Basic Rules to Avoid the Metabolic Syndrome:
  • Live within 10% of your normal body weight. The basic formula for women,  is 100 pounds for the first 5 feet, allowing 5 pounds for each additional inch.
  • Keep your body-mass index (BMI) ratio, which measures weight and height to less than 24, and keep your waist-to-hip ratio to less than 1.
  • Track your calories for weight loss and/or maintenance. This figure will be dependent on your body size and needs, but in general, most people don’t need more than 2,000 calories a day.
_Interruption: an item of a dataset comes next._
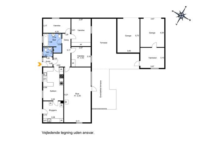 – Rummeligt bryggers med hvidt inventar, vask og plads til vaskemaskine og tørretumbler.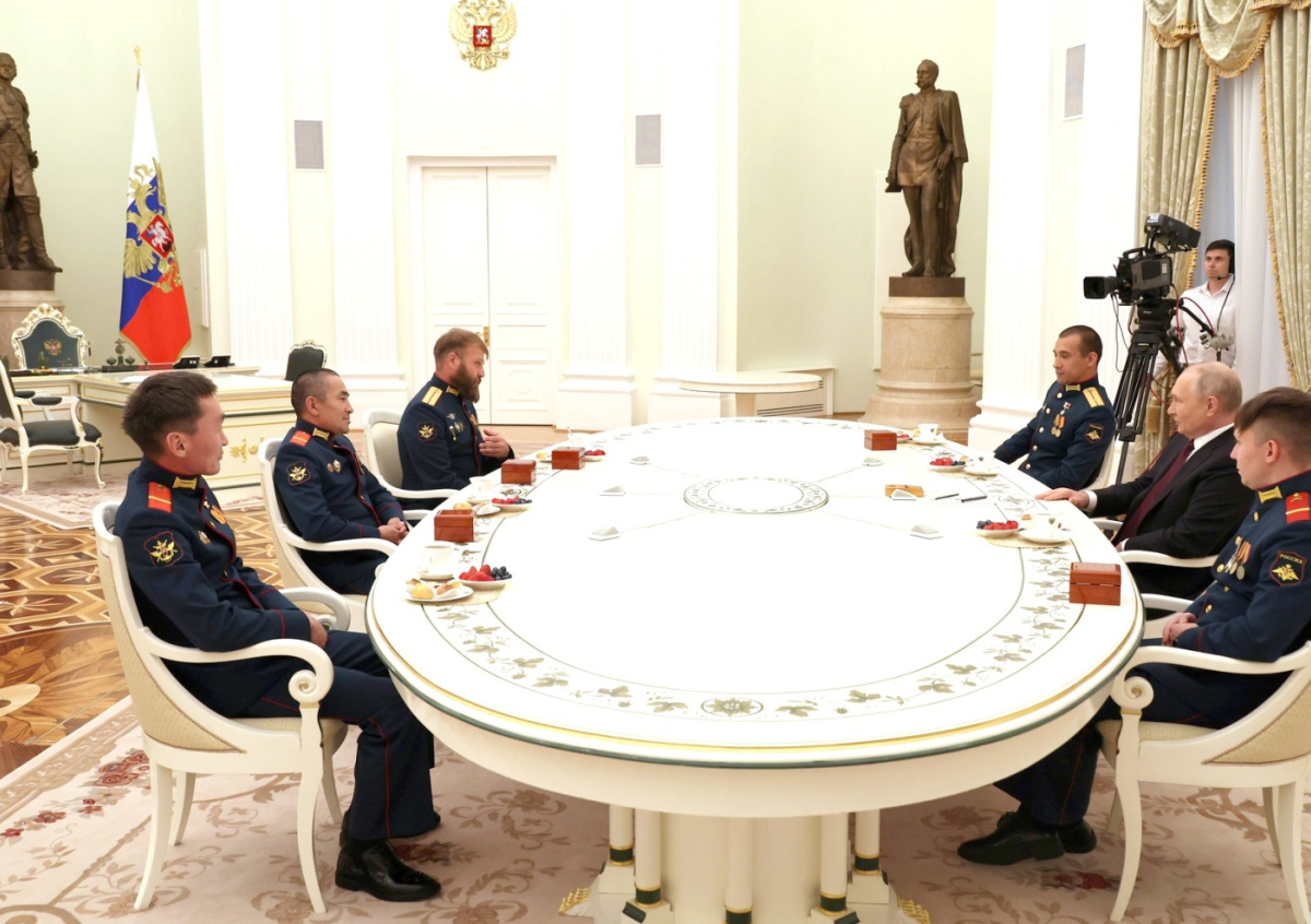 Владимир Путин с военнослужащими 127-й мотострелковой дивизии пятой общевойсковой армии Вооружённых сил России Владимир Путин с военнослужащими 127-й мотострелковой дивизии пятой общевойсковой армии Вооружённых сил России Фото: kremlin.ru

Avoid falling below 1,200-1,500 calories a day for weight loss.

Breakfast Tips

Exercise vs. Metabolic Syndrome

Studies have shown, vigorous activity reduces the risk of Metabolic Syndrome by one-third in both males and females. Vigorous activity is defined as at least 2.5 hours a week of activities like walking a 15-minute mile, playing doubles tennis or 2 hours a week of jogging, running or cycling. By contrast, moderate activity has not shown any improvement in women and very little improvement in men. An example of moderate activity is a daily walk of 3 miles in one hour.

It’s has been observed that the body burns significantly more calories to digest, absorb and process from a morning meal than it does from an afternoon or evening meal.